The restaurants around Fort Monmouth in New Jersey used to be packed. Now that lunchtime crowd gathers 150 miles to the southwest, in Aberdeen.
Javier Rodriguez, who just relocated to Aberdeen Proving Ground last month, was struck by the familiar feeling the mass migration has created in his still-unfamiliar new home.
"I went out to lunch with a couple of my co-workers … and it was exactly how I remembered it when I first started at Fort Monmouth," said Rodriguez, 33.
The national reshuffling of military bases that has brought thousands of jobs to Maryland hits a key milestone this week: It's officially done.
The workers who chose to relocate are here. The hundreds of moving trucks, laden with computers, documents and lab equipment, have come and gone. The glassy $4 billion dollar complexes — at Aberdeen, Fort Meade, Fort Detrick in Frederick, Walter Reed National Military Medical Center in Bethesda and Joint Base Andrews in Prince George's County — are essentially complete.

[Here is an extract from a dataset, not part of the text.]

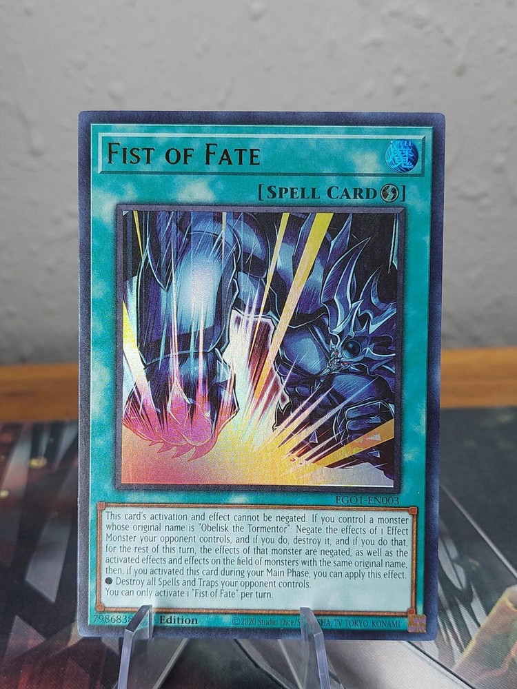 Experience the might of "Fist of Fate - EGO1-EN003," a standout addition to any YuGiOh! collection. This Ultra Rare card from the Egyptian God Deck Obelisk the Tormentor (EGO1) set is a must-have for enthusiasts seeking to bolster their deck with powerful character synergy and a touch of rarity. The card features the iconic 'Ego' character and comes as a sought-after 1st Edition, making it a prized possession for collectors and players alike. Whether you're looking to enhance your gameplay or treasure a unique piece of YuGiOh! artistry, "Fist of Fate" is a strategic choice for your collection.

But the ripple effects of the base realignment and closure process known as BRAC are just getting started.
Defense contractors still are moving to the area. Retailers are opening new businesses. Builders are erecting apartments and offices. Commuters are battling clogged roads. Schools are educating students about keeping their noses clean so they can one day land the security clearance necessary to qualify for a job in Maryland's now-larger military-industrial complex.
And the federal agencies that moved from out of state are preparing for the next big logistical challenge: replacing potentially thousands of employees in the near future as older workers retire.
What has happened — and is still happening — is more than simply growth.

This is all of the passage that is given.